Álvarez advierte que hay cambios bajo la égida de Raúl Castro, pero que se trataría de cambios cosméticos. "Lo principal vendrá una vez desaparecido Fidel Castro", asegura el líder sindical.

RNW: El Parlamento holandés se prepara para debatir su política con respecto a Cuba. ¿ Ve usted que un país como Holanda debe jugar un papel dentro de la Unión Europea para tender y extender más lazos hacia el Gobierno de Raúl Castro ?

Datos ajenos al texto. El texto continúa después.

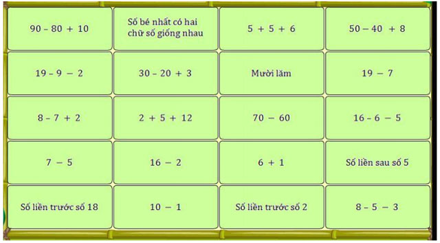 Bài thi số 1: Điền số thích hợp (100 điểm)

PPA: Dentro de la comunidad europea, Holanda siempre ha jugado un papel muy importante con respecto de Cuba. Siempre ha dado su apoyo a los demócratas cubanos. Estamos en un momento trascendental, evidentemente hay señales de inicio de cambios. Creemos que es positivo que estos cambios se hagan de forma gradual, pero Cuba no solamente necesita cambios económicos; Cuba necesita cambios en las leyes, cambios que garanticen a los cubanos poder participar en el proceso de transición democrática. También necesita más libertad, que se liberan a cientos de presos políticos que aún permanecen en las cárceles. Yo pienso que Holanda puede jugar un gran papel, manteniendo los contactos y el diálogo; pero este diálogo no tiene que ser complaciente.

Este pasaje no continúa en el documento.